Her şey; televizyonlarda ahkâm kesen uzmanlar, doktorlar ya da kartviziti bol unvanlarla dolu tanımadığımız insanların konuşmaları ile başladı.
Dediler ki, “Açıkta satılan sütü almayın şu hastalığa yakalanırsınız..”
İnandık ve paket süt içtik; sonra öğrendik ki süt diye süt tozu içirmişler bize yıllarca…
Ev yoğurdunu yemeyin dediler; hazır yoğurtlar jelâtin ya da bilmediğimiz yoğurta benzetilmiş kimyasallar çıktı.
Dondurmamıza bile karıştılar. Hazır dondurmaların içinde süt olmadığını öğrendik.
Bizi bitirdiler.
El yapımı tereyağı yemeyin dediler; inandık, hazır tereyağları aroma katılmış margarin çıktı.
Sucuğumuza, pastırmamıza bile karıştılar. Sonra öğrendik ki, koca firmalar bize sakatat yedirmiş…
İçtiniz mi doyuran sularımıza bile karıştılar. “İçmeyin, şu şu hastalıklara yakalanırsınız” dediler.
Duyduk ki, plastik şişelerle susuzluğumuzu giderdiğimiz sular, işlenmiş sularmış.
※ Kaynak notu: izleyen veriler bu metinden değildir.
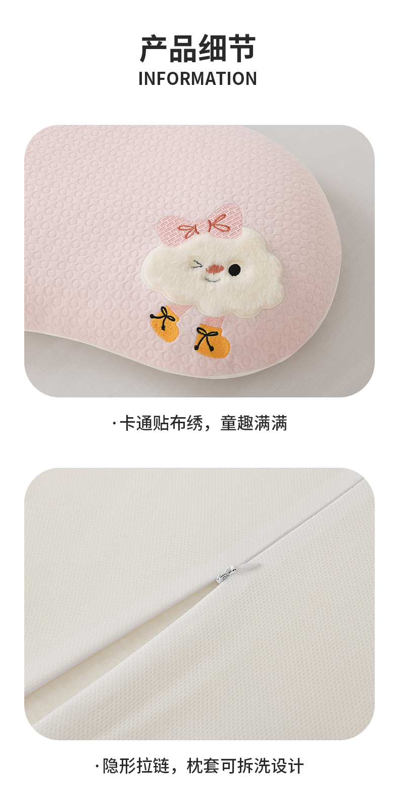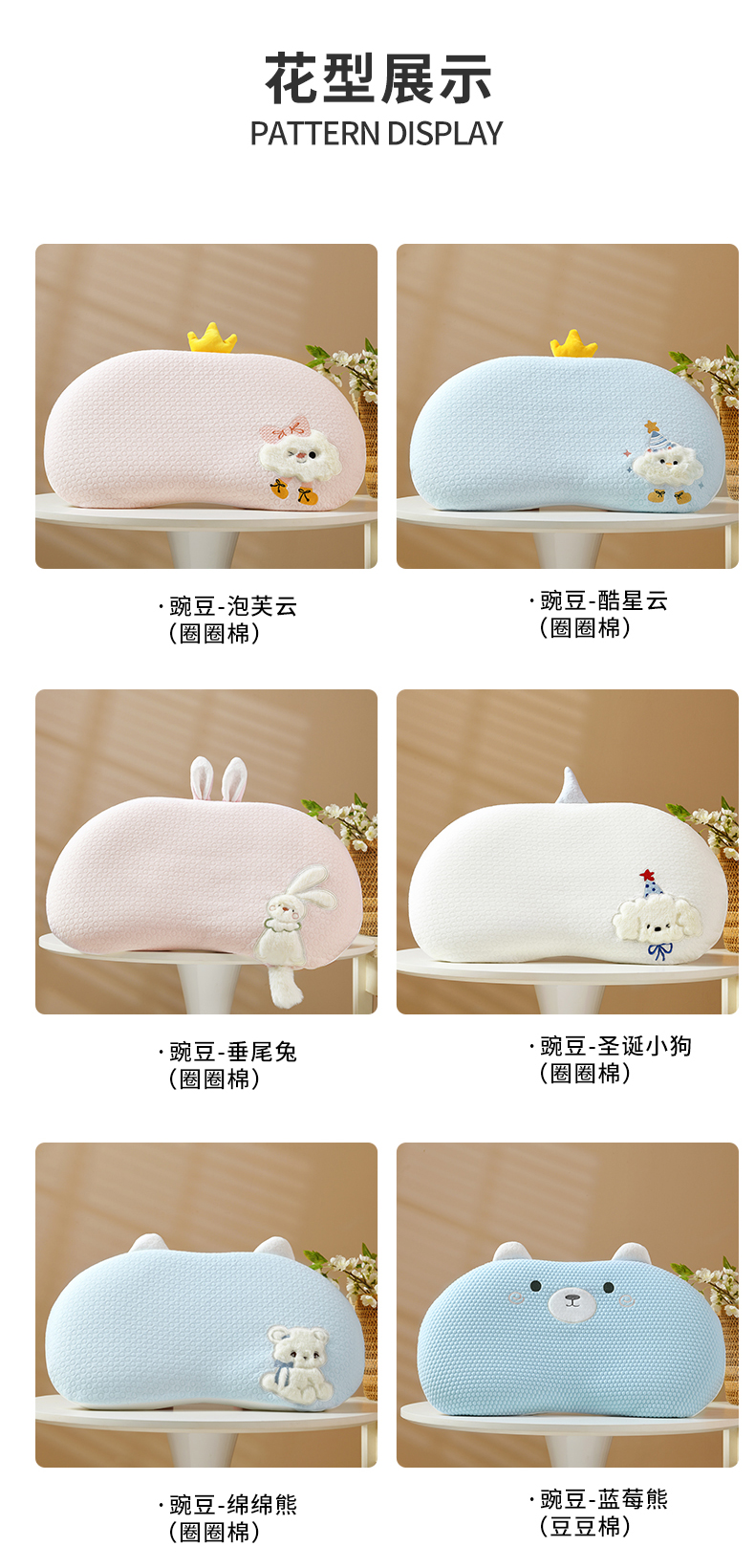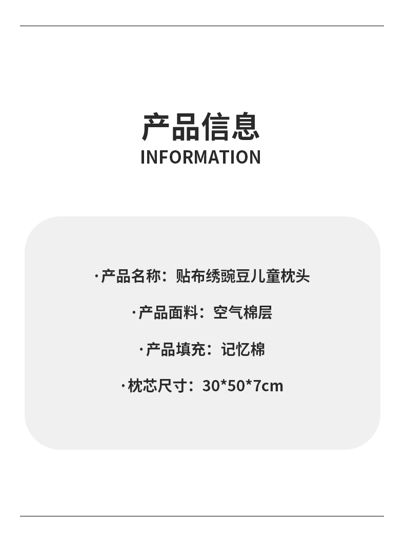 商品名称:小猫派 2025新款贴布绣豌豆儿童枕枕头枕芯 豌豆-绵绵熊

Kışlık peynir almayı unutturdular. Her yıl alıp salamura yaptığımız peynirlerin yararlı değil zararlı olduğunu söylediler.
Uzman değiliz; uzman zannettiklerimizin konuşmalarına itimat ettik.
Marketlerden aldığımız çoğu peynirin yine sütten değil süt tozundan, bol kireçli, bol kimyasallı ürünler olduğunu öğrendik.
Dedim ya, bizi sadece tüketici olarak bitirmediler, üretici olarak ta bitirdiler.
Ne üreticimize güvendik, ne de bakkalımıza, manavımıza, kasabımıza…
Bizi büyük firmaların büyük marketlerinde sattıkları süslü püslü ürünlere mahkûm ettiler.
Ne tavuk besleyen kaldı, ne horoz… Kuş gribi olursunuz dediler, bir gecede hormonla büyütülmüş piliçleri, günde 5 kere verim aldıkları yumurtaları yedirdiler.
Sebzeyi meyveyi hiç saymayın. Vahametin büyüğü orda yaşanıyor.
Şimdi diyorlar ki, aklınıza gelen gelmeyen kanser türleri türedi. Organik yiyin için…
Biz bittik…
Sağacak ne ineğimiz, koyunumuz, ne besicimiz, ne sütünü sağıp süt, peynir, tereyağı olarak satacak üreticimiz kaldı.